A la mañana siguiente quedó claro que la casa seguía una rutina estricta. Jennie entró en mi habitación a las ocho, abrió las cortinas y me dejó un horario para el día escrito del puño y letra de Caroline, empezando por un desayuno en el comedor a las nueve en punto.
Isadora y yo comimos juntas. Según entendí, Oliver ya se había ido a su oficina.
—¿Tu madre nos acompañará? —pregunté a mi sobrina mientras observaba la comida. Manzanas hervidas con uvas y arándanos, huevos, crepes y bollos estaban elegantemente dispuestos en bandejas de plata.
Isadora negó con la cabeza.
—Mamá desayuna en la cama. Luego se reunirá con el ama de llaves y su dama de compañía para darles las instrucciones del día. Por tarde que nos acostemos, ella siempre madruga. Nunca le ha gustado dormir hasta tarde.

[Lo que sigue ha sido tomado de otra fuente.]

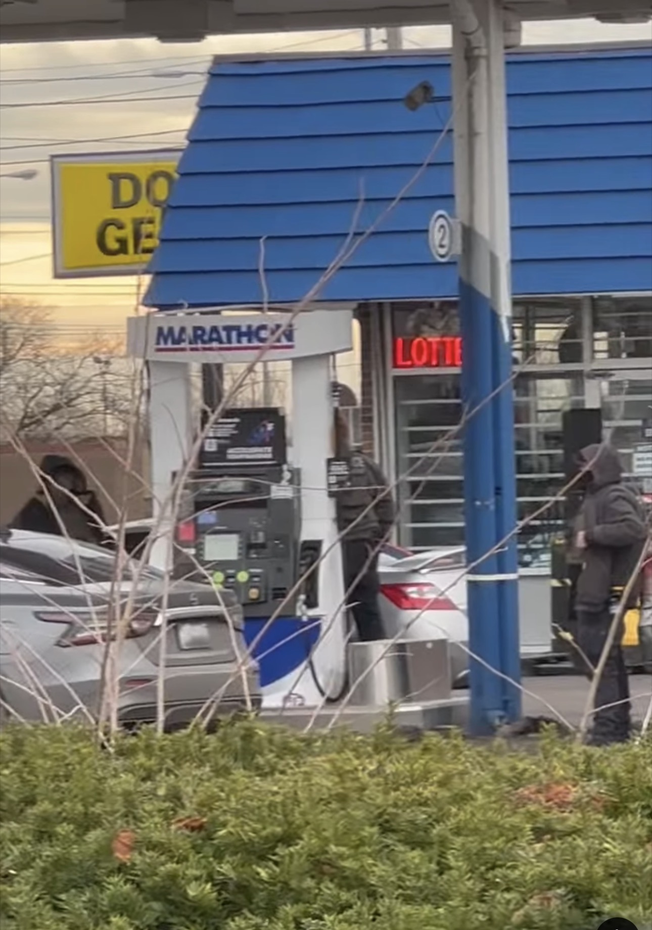 a worker at first stop liquor on lincoln and illinois got taken today. he was pressure washing the parking lot and ice j ..
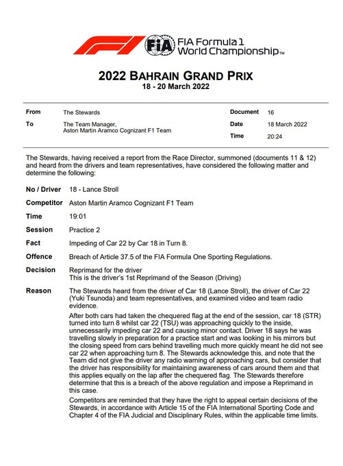 Yuki Tsunoda en Lance Stroll moesten zich melden bij de stewards na twee incidenten in de tweede vrije training. Tsunoda blokkeerde Charles Leclerc die in een snelle ronde zat, terwijl Stroll de vleugel van de Japanner kapot reed aan het einde van de tweede vrije training. Voor beide coureurs loopt het met een sisser af. Ze komen er vanaf met een reprimande.
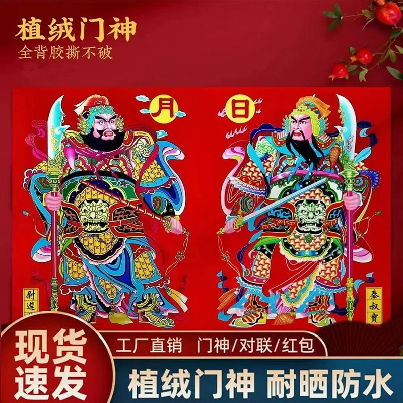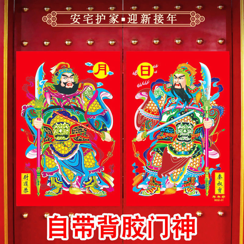 2025年招福神門飾りシール、粘着式、家の守り神、日月春聯、年画、卸売、防水、破れにくい
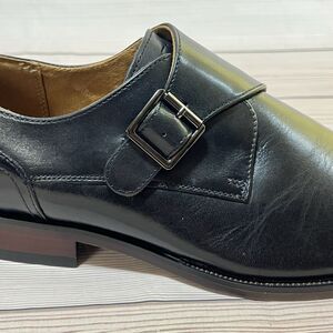 Florsheim Ravello Mens Sz 9.5M Black Polished Leather Single Monk Strap Dress Shoe Plain Toe Loafer
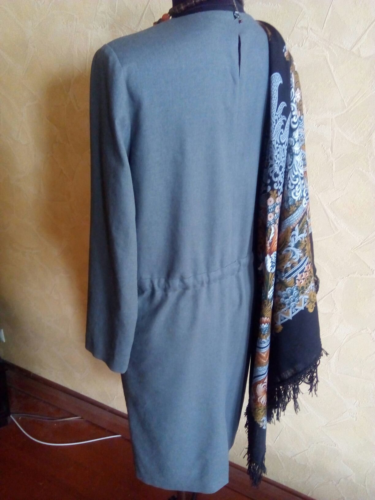 Сшила базовое платье. В кои веки себе и нехарактерно серого цвета. С Бархатной ночью 18 хорошо. Оказалось, не так просто платок подобрать, серый имеет массу оттенков.)

Rememoré nuestros años en París y lo disciplinada que había sido siempre Caroline. Su ropa y sus artículos de baño tenían que estar perfectamente ordenados, tanto que se negaba a que Paulette los tocara.
—Mamá es meticulosa —prosiguió Isadora—. Tiene fichas de todo el mundo en las que anota sus cumpleaños, sus amigos, los nombres y edades de sus hijos, sus rosas favoritas, sus bebidas predilectas y su marca de tabaco. Es como un detective. Se fija en los detalles más ínfimos de toda la gente que conoce.

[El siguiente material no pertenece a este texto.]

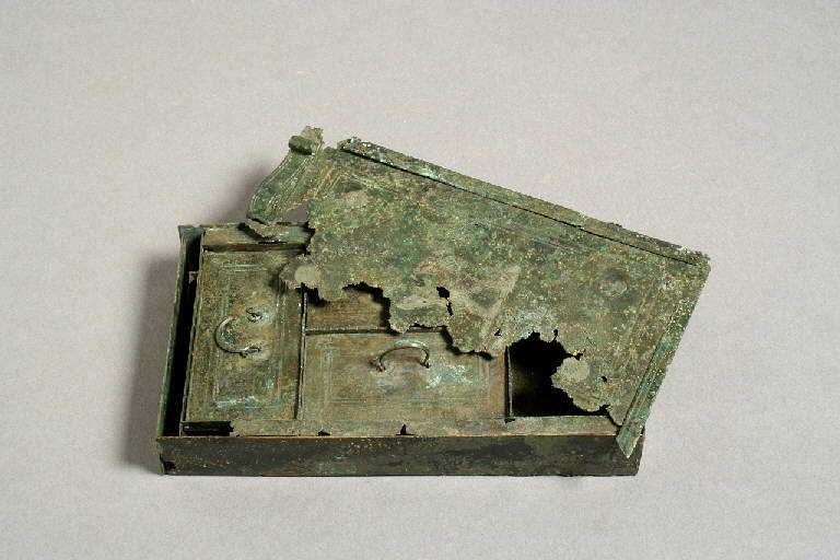 Contenitore di forma quadrata, composto di più scomparti dotati di coperchi autonomi con manico a volute, poggiava su piedi a volute. Decorazione: a incisioni
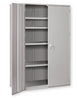 Heavy duty cabinet benches provide solid working surface. Units constructed of 12 gauge top, 14 gauge side leg panels. Unit comes with one shelf with two doors. Comes standard with keyed handle, back and side stops. Benches are 37"H and 3,000–lbs capacity.
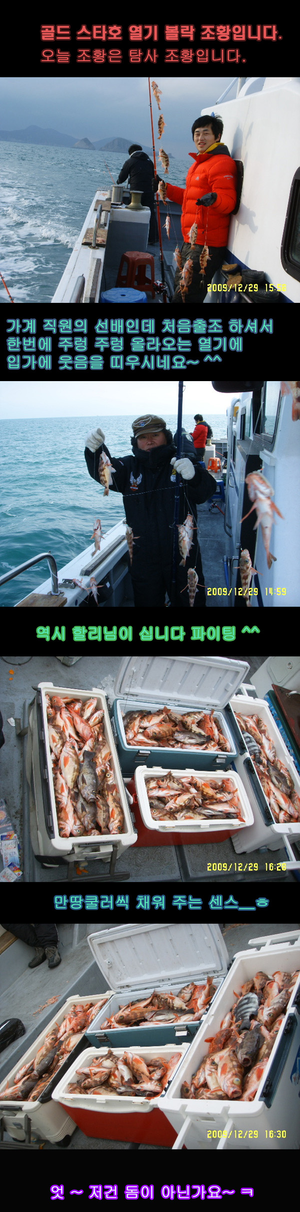 심해 갈치 쿨러만땅 후 왕열기 왕볼락도 쿨러만땅__ㅎ 여수골드피싱출조점 여수 0 1034 0 2009.12.29 22:06 [골드스타호] 여수 골드 피싱 갈치 낚시 출조점!!! 홈페이지 바로 가기 클릭 ◈ 출 조 일 : 2009년 12월 28일(월요일) ~ 12월29일(화요일 )◈ 출 조 지 : 백도 거문도 근해◈ 출조인원 : 골드피싱호-탐사인원 ◈ 물 때 : 4물~5물(여수기준)◈ 바다상황 : 좋음▣ 조황내용 ▣: 안녕하세요 골드피싱 선단입니다. 저희 골드피싱호가 12월25일 심해 갈치를 2회 출조하여 쿨러만땅 조황을 올린 후 오늘은 2호 골드스타호 1대 항해하여 고객님들을 모시고 출조하기전에 임직원끼리 열기,볼락을 위해 설치한 좌표 및 포인트 확인차 탐사 출조하였습니다.백도 먼바다 거문도 대삼부도 일원을 수십곳을 샅샅이 점검해본결과 곳곳에따라 차이는 있었지만 왕볼락 왕열기가 주렁주렁 달려서 꽃을 피웠습니다.왕열기 왕볼락으로 5000쿨러~8000쿨러 만땅 채워왔습니다.1호 골드피싱호는 심해 대 갈치를 2010년 5월 30일까지~2호 골드스타호는 왕열기 왕볼락을 2010년 5월30일까지 퍼담으러 출조합니다.초보조사님들도 망설이지 마시고 연락주십시오고객님들의 보다 더 나은 조황과 편의를 위해 더욱더 노력하겟습니다.앞으로 더욱좋은 서비스와 조황으로 보답하겟습니다.저희 골드피싱 출조점을 이용해주셔서 다시한번 감사드립니다.문의전화☏ 010-2519-0346 , 061-685-0346 매일 출조합니다 연락 주세요~ 최 신 형 갈 치 낚 시 전 용 선 2 대 보유!!!출발일시 : 매일 오후2(기상 이변이 없는한 매일출조)출발장소 : 여수시 소호동 소호출장소앞(출조점 바로앞)물 : 전동릴,낚시대(장비없으신분은 유상대여 가능함)주소검색 : 여수시 소호동 1216번지 또는 소호출장소★☆★예약 현황★☆★ 사전 예약 합니다~ 미리예약해주세요 더많은 자료는 홈페이지로~~^^ 0 글쓴이 0 0 Lv.1 여수골드피싱출조점 점주선장 1,442 (14.4%) 안녕하세요 여수골드피싱입니다. 12.30 2010년에도 대박터지세요~ 12.29 심해 갈치 쿨러만땅 후 왕열기 왕볼락도 쿨러만땅__ㅎ 12.25 심해 대갈치 조황입니다. 12.24 130M권 심해 갈치 조황입니다. 12.14 이것이야말로 초대박입니다.
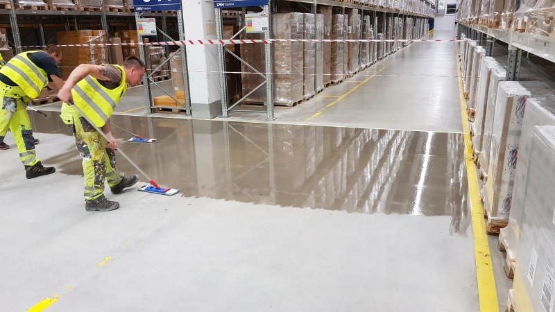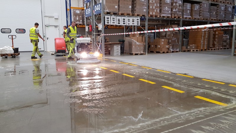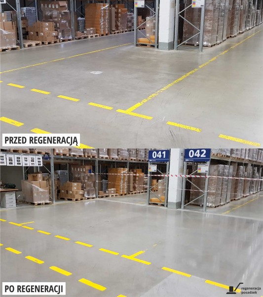 Gruntowne doczyszczanie i impregnacja posadzki betonowej na hali magazynowej firmy DSV Solutions Sp. z o.o.

Uno de los dos criados que nos atendían se acercó a servirme más café. Mientras las sirvientas que había visto eran bastante corrientes, el personal masculino de la casa era uniformemente alto, con unos rasgos equilibrados y un físico atlético. Entendía que una joven pudiera caer engañada por uno de ellos, pero Isadora no me parecía tonta ni ingenua. Sin embargo, por el desprecio que le profesaban su madre y Lucy, me di cuenta de que debía de sentirse bastante sola en aquella casa.
—¿Cómo están la abuela Hopper y tu tía Anne? —le pregunté—. ¿Se encuentran bien?

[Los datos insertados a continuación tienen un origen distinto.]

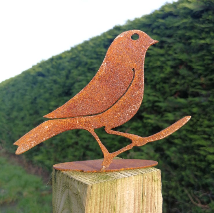 Our Rusted Metal Bird is cut from a 2mm mild steel. Each item is then hand rusted giving the piece its very own unique finish. The rustic finish will maintain its beauty for you to enjoy year after year.
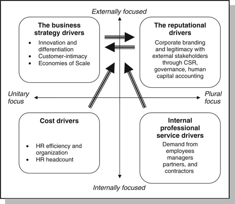 The contemporary human resource (HR) function in for-profit and not-for-profit organizations faces a number of competing challenges, so creating ambiguities and tensions in what it delivers, how it delivers, how effectively it delivers, and to whom it delivers (Ulrich and Brockbank, 2005; Huselid et al., 2005; Paauwe, 2004). The drivers of HR have traditionally been described in three-fold terms (Lepak and Snell, 1998):
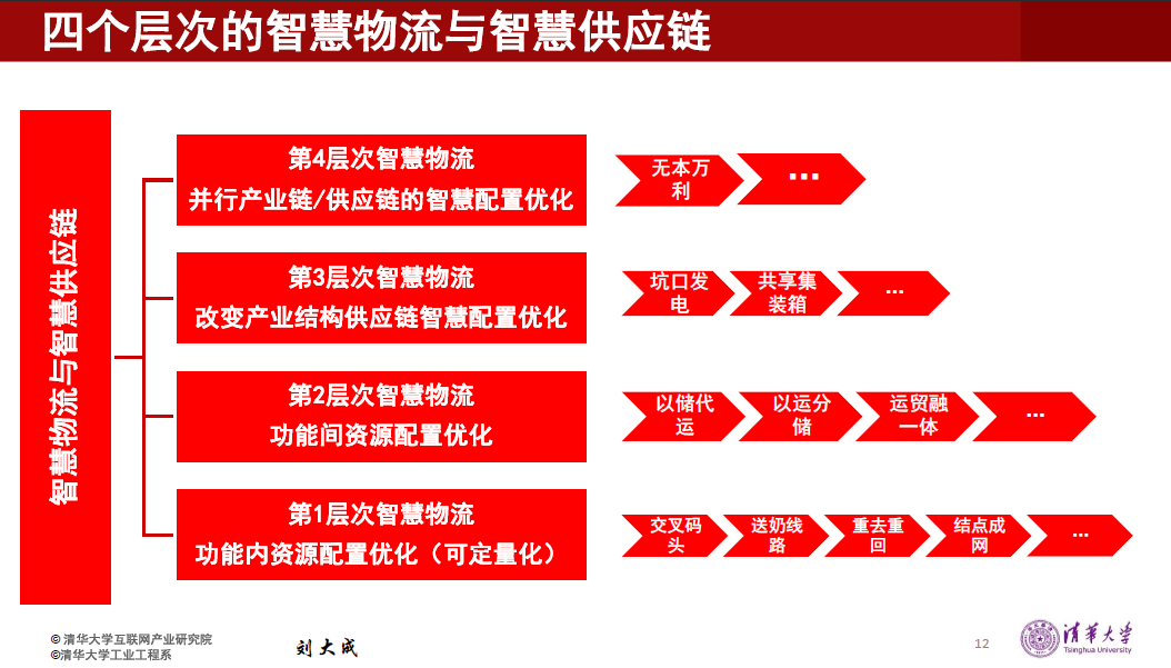 在信息化、网络化和数字化改变世界的过程中,我归纳为智慧供应链应分化为四个层次:第一个层次应是功能内的资源配置优化,如仓储中的箱装球理论、运输中的旅行商路径规划问题等,高校科研院所的优化方法基本上属于这个层次;第二个层次则是功能间的资源配置优化,如大数据、云计算等支持的“以运分储”、“以储代运”等,仅仅是通过定性优化其收益就远超越第一个层次的优化能力,许多靠直觉参与其中的企业就容易成为创新的主体;第三个层次是供应链上下游企业间的资源配置优化,如今年中央提出新基建的目标之一——特高压,就是通过坑口发电、特高压输变电到东南沿海来替代传统的“西煤东运”、“北煤南运”以铁路运输从蒙西、山西和陕西的煤炭到东南沿海地区发电,实现了煤电运一体化。尽管有统计分析,依赖坑口发电+特高压的煤电运一体化总成本并不比传统运输+发电的总成本低多少,但随能源即时转变技术如风电、太阳能风电的使用,其利用效率和低成本存储的技术缺陷被高达1000千伏变压而形成竞争优势。第四个层次则是平行产业链或并行供应链之间的资源配置优化,甚至可以实现先收益后投资的“无本万利”模式,如电影业中利用名导演、名演员先有植入性广告收入而后再进行投资拍摄,真正体现为互联网的“羊毛出在猪身上”。

—Mi abuela murió cuando yo era niña y no la recuerdo mucho —respondió—. La tía Anne murió hace unos años. La echo de menos. Iba a visitarla a diario para verla cocinar. Me fascinaba la habilidad con que mezclaba ingredientes y decoraba sus creaciones. Aunque papá contrató sirvientes, ella insistía en cocinar siempre. Era de pocas palabras, pero se expresaba a través de la comida. A veces, cuando huelo pan o manzanas asadas, pienso que la tía Anne me está hablando.
—Qué bonito recuerdo —dije—. Pero ¿tu tía vivió alguna vez con vosotros?
Isadora negó con la cabeza.
—Ella y mamá no se llevaban bien, pero me gustaba su casa de la calle 52 Oeste. Vivía allí con tres perros: Dandie, Picco y Flash.
Qué distinta era Anne cuando la describía alguien que la amaba. Solo recordaba lo incómoda que parecía cuando nos visitó en París con Oliver y su madre.
—Tu padre era muy leal a su madre y a su hermana, ¿verdad?
A Isadora se le llenaron los ojos de lágrimas.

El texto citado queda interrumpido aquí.